What people all over the world have for breakfast is a fascinating study. A croissant and black coffee; pancakes; full English (Irish, Scottish, Welsh); cold cuts (Germany), chocolate (Italy), sandwiches (Scandinavia), sloppy rice pudding (China) or miso soup (Japan). In spite of that wide array, most people everywhere boringly reach for a box of cereal and slop milk into a bowl. Except the ‘on the go’ species clutching the awful plastic sippy cups of coffee who are determined to go for the healthy pot of porridge from Pret and end up scoffing a pastry and a flapjack.
That is the next interesting thing: not many people have the same thing over and over again for lunch, let alone for dinner. Why do we put up with samey breakfasts all year round? Perhaps because it is the biggest effort to prepare it freshly on the day between looking for the PE kit, frantically ironing a shirt and trying to locate the work phone; all the while clutching a mascara wand. No wonder we grab an easy solution. But there are so many things that can be prepped the night before that lack of time is a lame excuse.
I have an ambivalent attitude to brekkie: I go through phases. Years ago I never used to eat anything; I wasn’t hungry until lunchtime. Then I’d have a piece of apple every morning for a time, or I’d succumb to the bulletproof trend or another. Now sometimes it’s just a scrambled egg sans bread, especially when I’m trying to lose weight. Sometimes it will be a pastry or a piece of cake, granola or overnight oats – or just a banana and a handful of blueberries. One of my favourites is also a no-recipe: a bowl of thick, fat silky yoghurt, Greek or strained at home, with generous drizzles of some fragrant honey.
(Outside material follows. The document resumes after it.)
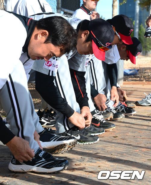 봉중근을 비롯한 투수조가 본격적인 훈련에 앞서 스파이크 끈을 동여메고 있다./spjj@osen.co.kr

I’m not going to advise anybody on what and whether they should eat in the morning. Full fry-up? Go for it, as long as it’s not every day (builders exempted). Cereal and milk? But go for something better than Frosties or similar sugar-laden stuff. A piece of toast? Make it wholemeal or sourdough. And if you feel like paying a bit more attention to the first meal of the day, I have plenty to choose from.